Mitchell v. Archibald, 971 S.W.2d 25, 29 (Tenn.Ct.App.1998).
The trial court accepted the expert testimony proffered by the plaintiffs. This testimony established that AMC-TN failed to manage LLC accounts according to generally accepted accounting principles. This failure constituted a material breach of the Management Agreement. A party who has materially breached a contract cannot recover on the contract. Nevertheless, under proper conditions and upon carrying the burden of proof as to the value of services rendered under the contract, he may recover in quantum meruit. The rule is:
Even though a contract be entire, the party who breaches the same may recover of the other party, as on a quantum merit, the value of benefits conferred on such other party by partial performance - these benefits being accepted and retained. Any damage, of course, which the party not in default suffered by the breach also to be taken into account. The law is frequently so applied in cases which involve building contracts and contracts for personal services. Stump v. Estill, 7 Tenn. (Peck.) 175; Elliott v. Wilkinson, 16 Tenn. (8 Yerg.) 411; Porter v. Woods, 22 Tenn. (3 Humph.) 56, 39 Am.Dec. 153; Barker v. Reagan, 51 Tenn. (4 Heisk.) 590, 596; Bush v. Jones, 2 Tenn.Ch. 190; Jones v. Jones, 32 Tenn. (2 Swan) 605; Congregation of Children of Israel v. Peres, 42 Tenn. (2 Cold.) 620; Massey v. Taylor, Wood & Co., 45 Tenn. (5 Cold.) 447, 98 Am.Dec. 429; Hunter v. Litterer & Cabler, 60 Tenn. (1 Baxt.) 168; Bruce v. Baxter, 75 Tenn. (7 Lea) 477.

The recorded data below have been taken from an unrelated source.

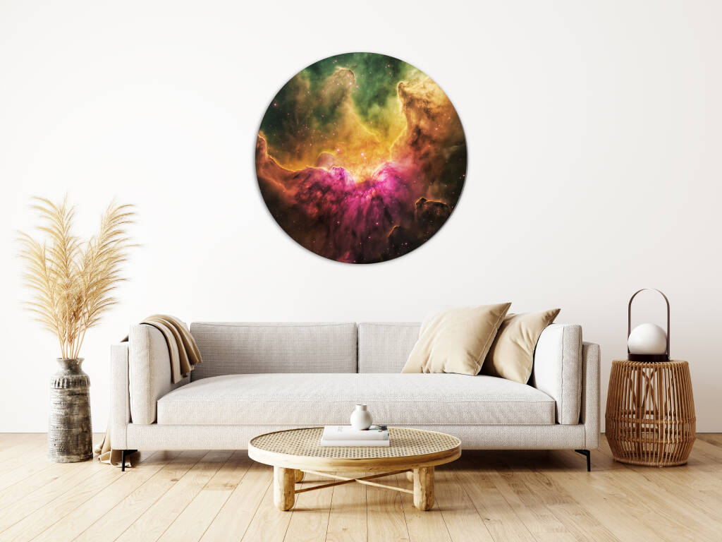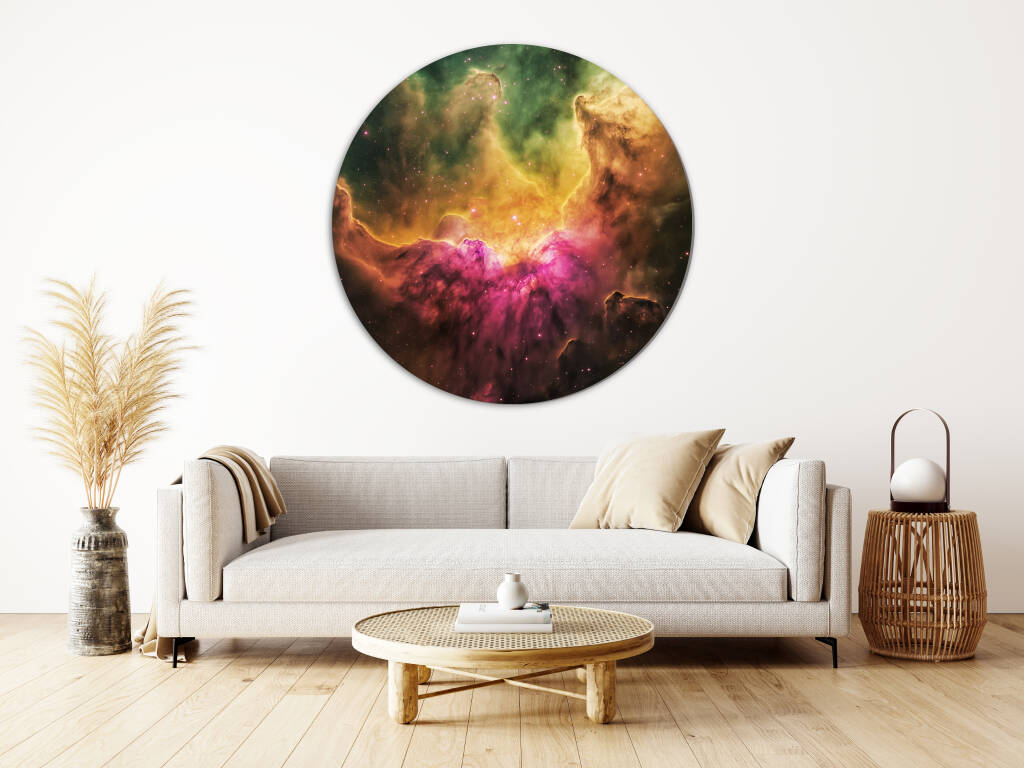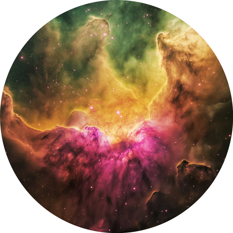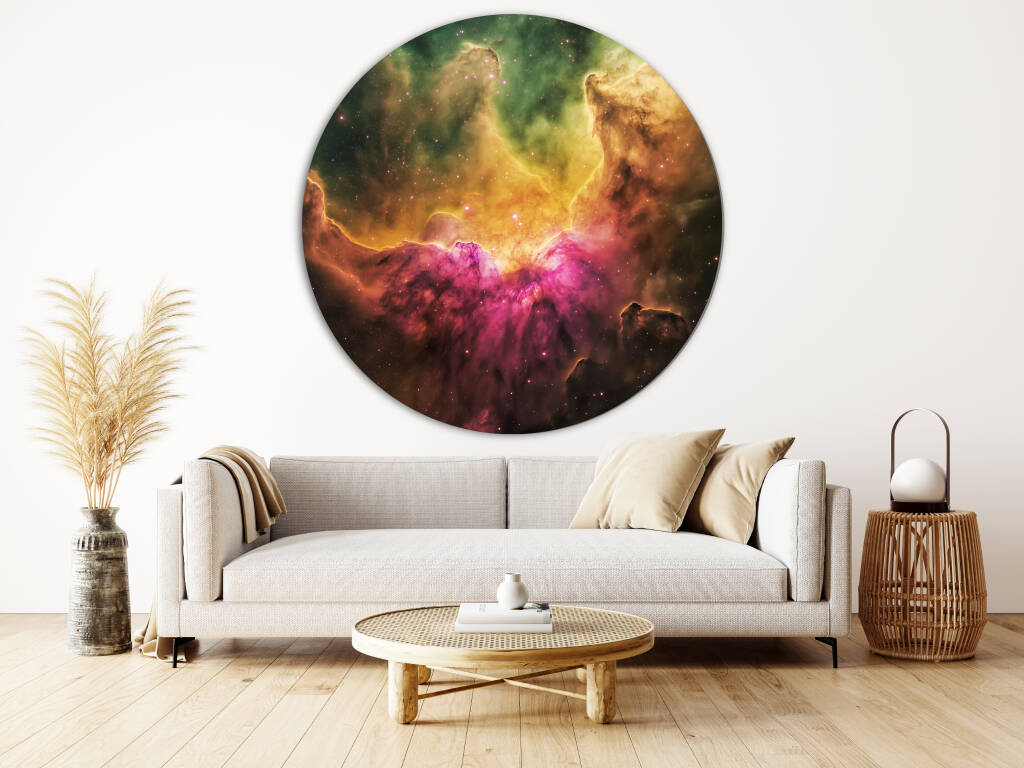 In deze adembenemende afbeelding zien we een diepe ruimte-nevel, een kosmisch kunstwerk gevormd door gigantische gas- en stofwolken die worden verlicht door de stralende energie van nabije sterren. De kleuren spatten van het doek: felroze en paars markeren actieve stervormingsgebieden, terwijl de warme goudgele en groene tinten een mystieke gloed over de nevel werpen. De complexe structuren, gevormd door interstellaire winden en straling, creëren een dramatisch spel van licht en schaduw, waardoor het lijkt alsof we een kijkje nemen in een levend universum. Dit beeld vangt de overweldigende grootsheid van de kosmos en herinnert ons eraan hoe oneindig en magisch het heelal is.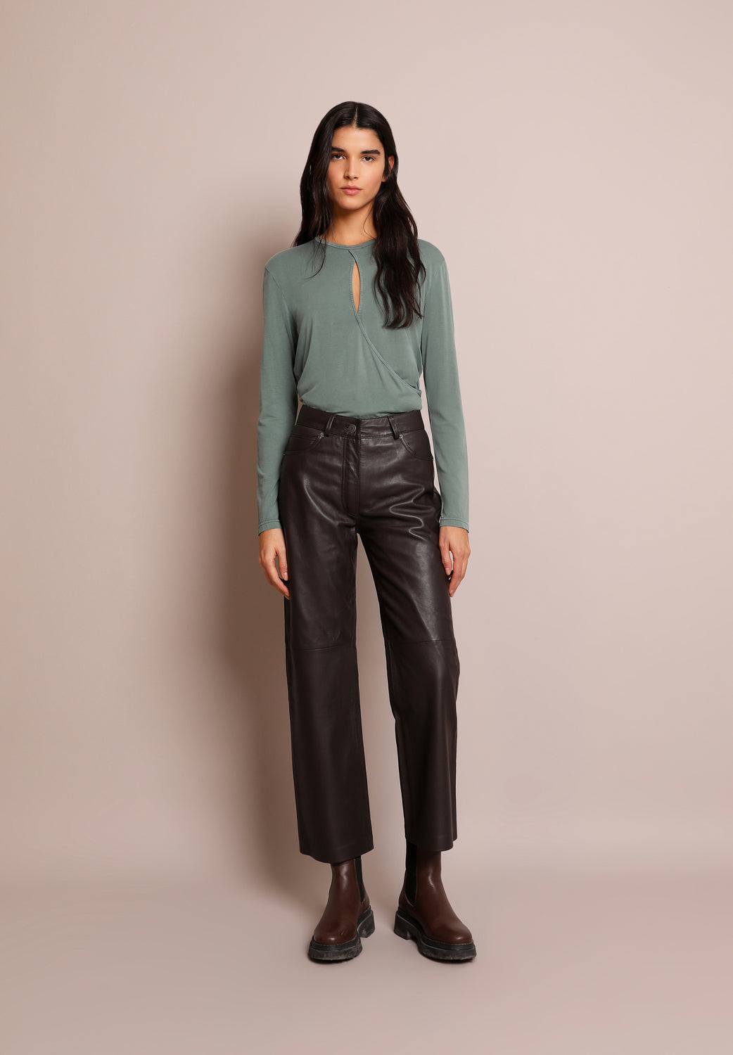 Camiseta lavada con detalle cruzado en la parte delantera.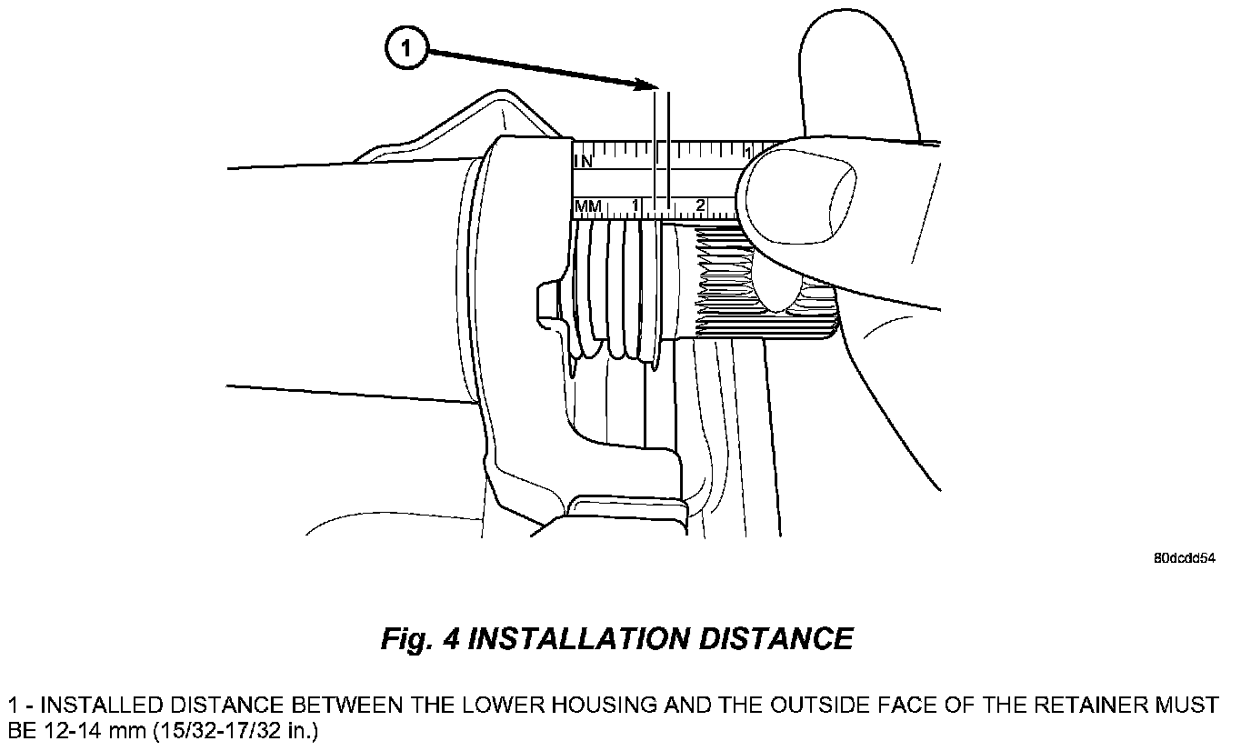 24. Install a new retainer, p/n 04664130, onto the steering column shaft by using a 7/8" deep well socket and small hammer to tap the retainer into place so the installed distance between the lower housing and the outside face of the retainer is 12-14 mm (15/32-17/32 in.). If the retainer is installed to a distance less than 12 mm (15/32 in.) remove the retainer and install a new retainer, repeat as necessary until the installed distance is 12-14 mm (15/32-17/32 in.). Refer to (Fig. 4).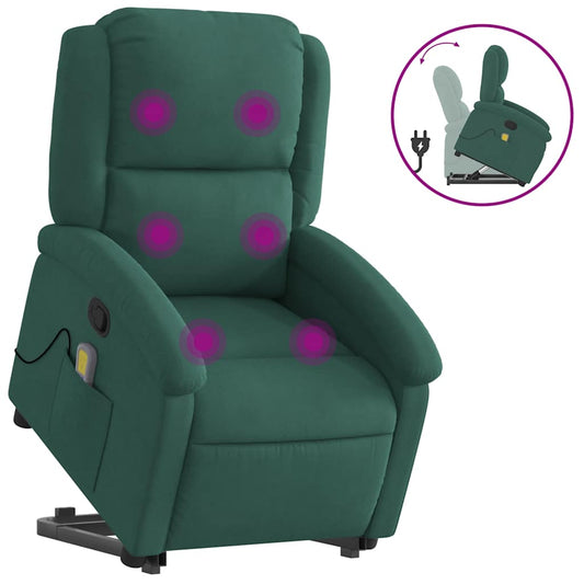 sötétzöld bársony felállást segítő dönthető masszázsfotel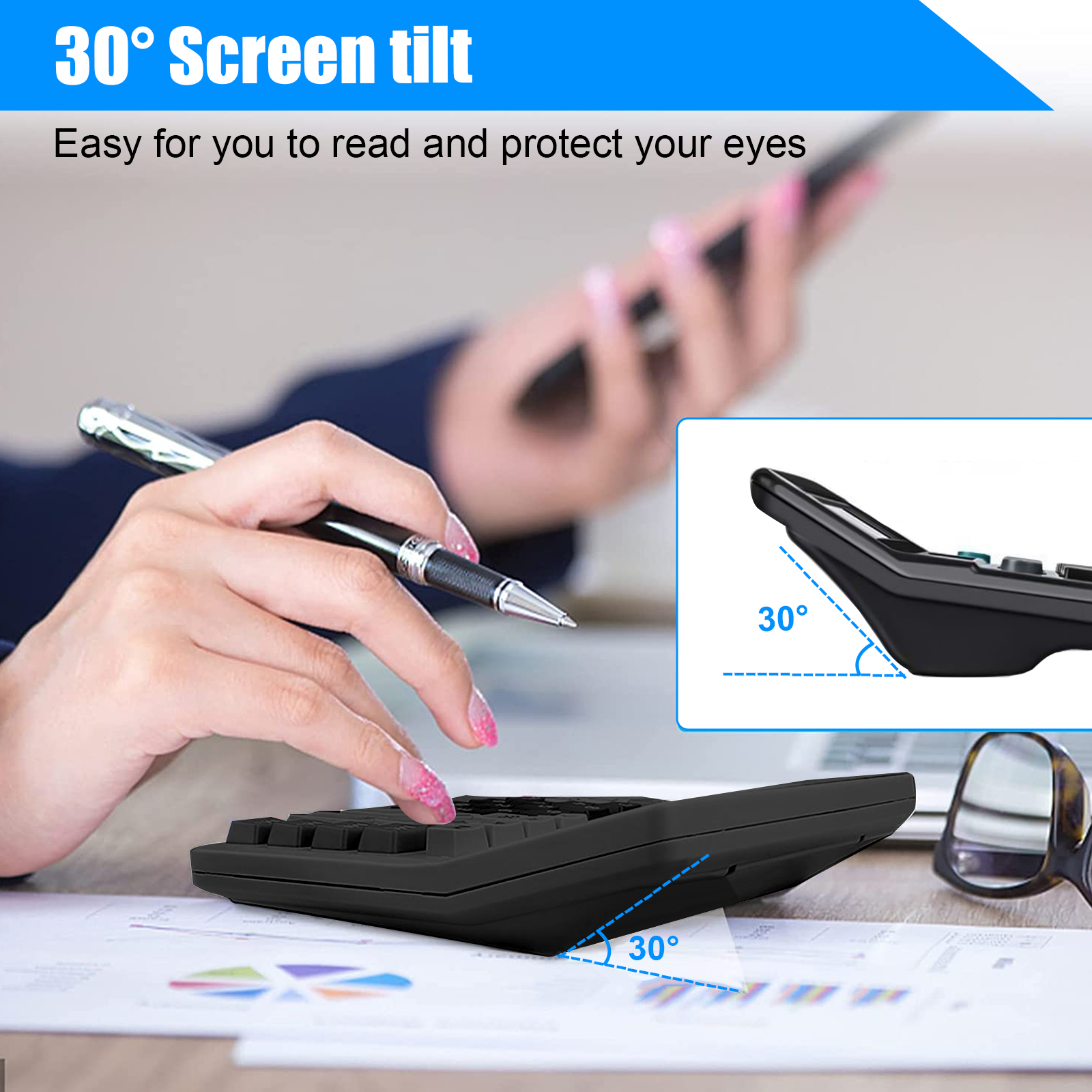 EEEkit Standard Function Desktop Handheld Calculator with 12 Digit Large LCD Display, Solar and Battery Dual Power, Handheld Basic Calculator with Sensitive Button for Office, Home, School(Black)

National Life & Accident Ins. Co. v. Hamilton, 98 S.W.2d 107, 108 (Tenn.1936).
It is well to observe also that the failure of AMC-TN to timely collect its fees and expenses was itself in material breach of the Management Contract. AMC-TN presents no material evidence as to the value of its services so as to allow for a recovery in quantum meruit or any evidence of unjust enrichment. As the trial court held, the counter complaint is without merit.
VI. DAMAGES
If the "pharmacy-within-a-pharmacy" concept was difficult to administer, the separate remedies sought in this litigation are equally challenging and must be separated in order to be compatible. When breach of fiduciary duty, negligent misrepresentation and the counterclaim asserting quantum meruit and unjust enrichment are removed from the case, we are left with a breach of contract action by LifeMed, LLC against AMC-TN and a counterclaim for breach of contract by AMC-TN against LifeMed, LLC. This Court, having affirmed both the trial court's finding that AMC-TN breached the Management Contract and its dismissal of the counterclaim, now must first address the question of damages resulting to LifeMed, LLC because of the breach.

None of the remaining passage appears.